-------- Available data

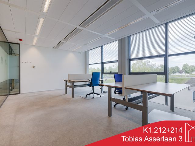 Unit K1.212-214 biedt een prettig werkklimaat met uitzicht over de voorzijde van het gebouw, het parkeerterrein en schuin rechts het "Gemeentehuis van Lansingerland". Deze representatieve ruimte is onder andere voorzien van:
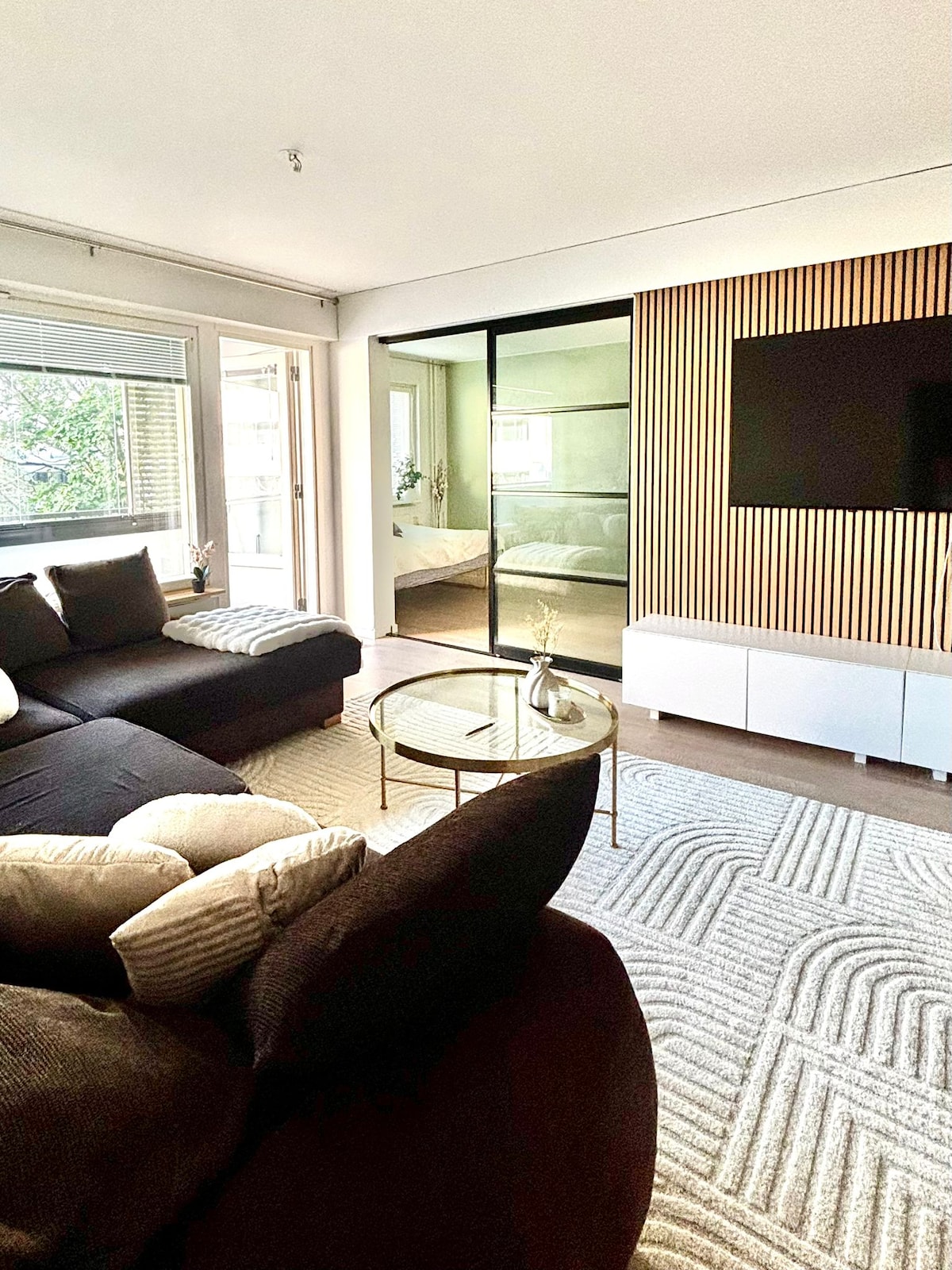 Dit prachtige, nieuwe appartement is gelegen in verband met het nieuwe stadion van Tammela. De locatie is ontoegankelijk, lopen naar het treinstation in minder dan 5 minuten, en beide tramlijnen rijden vanaf de aangrenzende halte. In hetzelfde complex bevinden zich een parkeergarage, K-Supermarket, Alko en verschillende restaurants, met brunch, lunch en diner. Hier kun je door de droge voeten van de binnenkant lopen. Het appartement is zeer Scandinavisch bewoond, wat zorgt voor rust en een goede nachtrust in de hartslag van de stad.
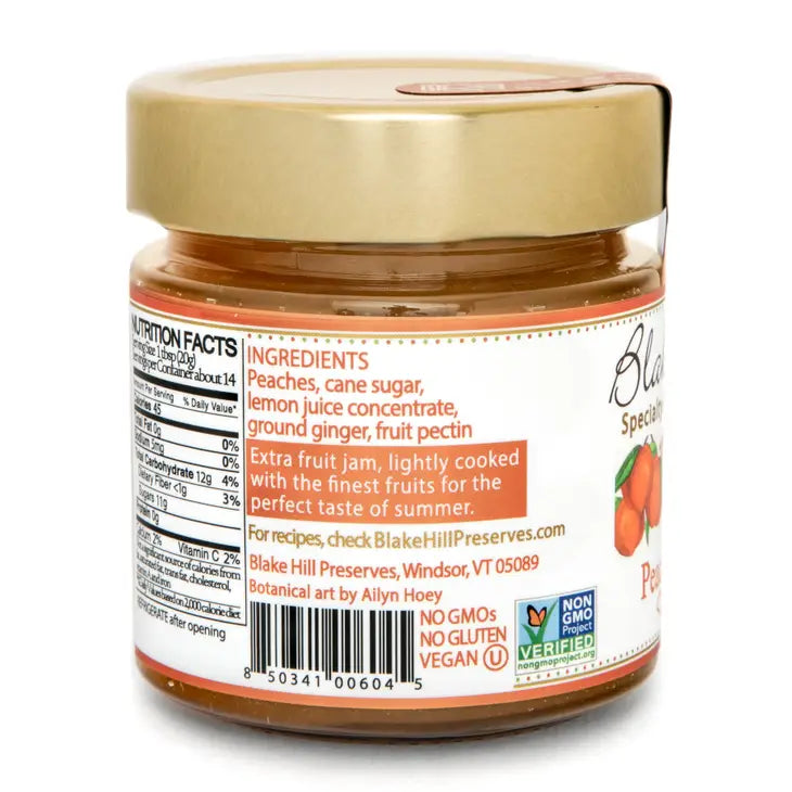 Made with: Peaches, pure cane sugar, lemon juice concentrate, ginger, fruit pectin (10oz)
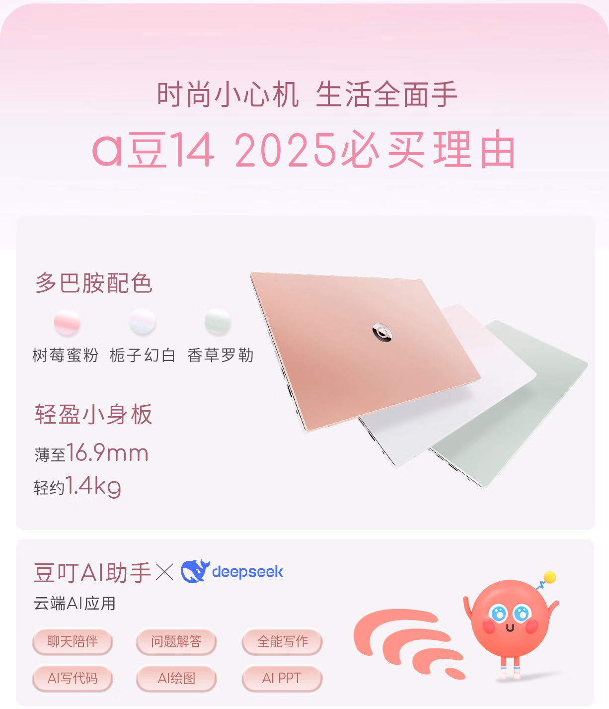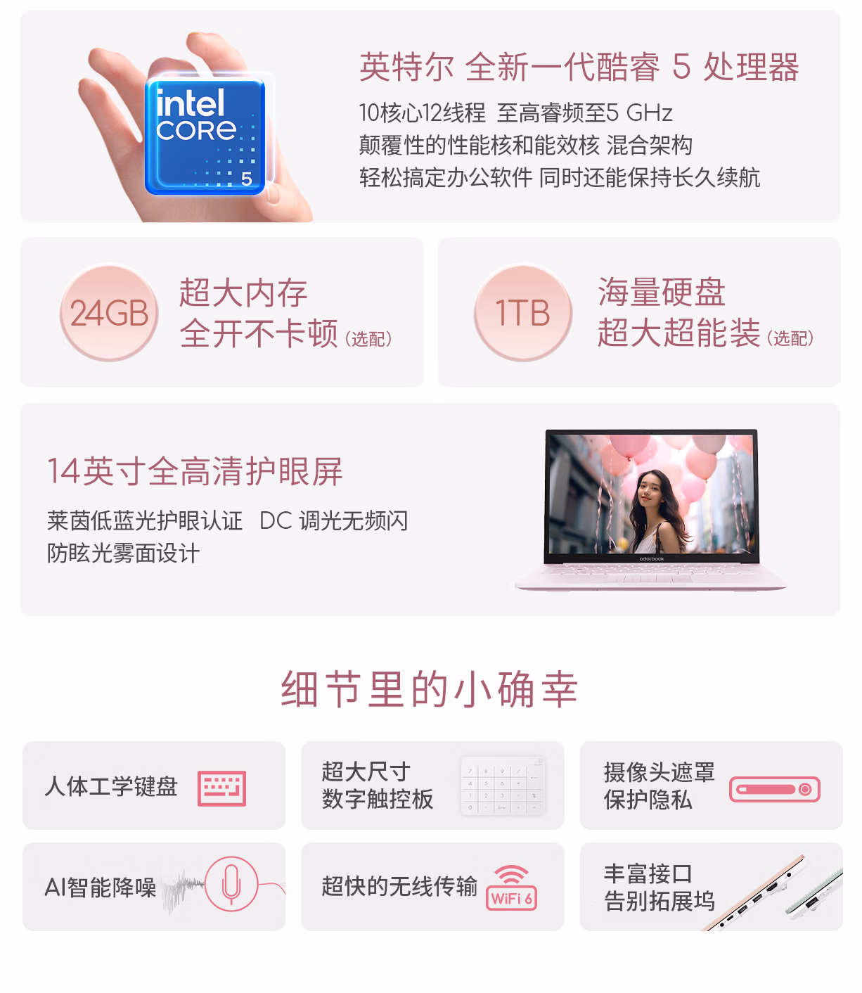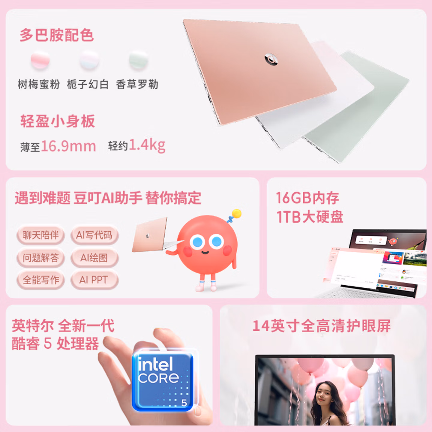 > 华硕a豆14 高颜值AI轻薄本 笔记本电脑(全新酷睿5 16G 1T大硬盘 护眼屏 预装office)

----------------

Your objective — Output everything in the material exactly. Pictures stay out of it.

Solution to the exercise —
 Unit K1.212-214 biedt een prettig werkklimaat met uitzicht over de voorzijde van het gebouw, het parkeerterrein en schuin rechts het "Gemeentehuis van Lansingerland". Deze representatieve ruimte is onder andere voorzien van:
 Dit prachtige, nieuwe appartement is gelegen in verband met het nieuwe stadion van Tammela. De locatie is ontoegankelijk, lopen naar het treinstation in minder dan 5 minuten, en beide tramlijnen rijden vanaf de aangrenzende halte. In hetzelfde complex bevinden zich een parkeergarage, K-Supermarket, Alko en verschillende restaurants, met brunch, lunch en diner. Hier kun je door de droge voeten van de binnenkant lopen. Het appartement is zeer Scandinavisch bewoond, wat zorgt voor rust en een goede nachtrust in de hartslag van de stad.
 Made with: Peaches, pure cane sugar, lemon juice concentrate, ginger, fruit pectin (10oz)
 > 华硕a豆14 高颜值AI轻薄本 笔记本电脑(全新酷睿5 16G 1T大硬盘 护眼屏 预装office)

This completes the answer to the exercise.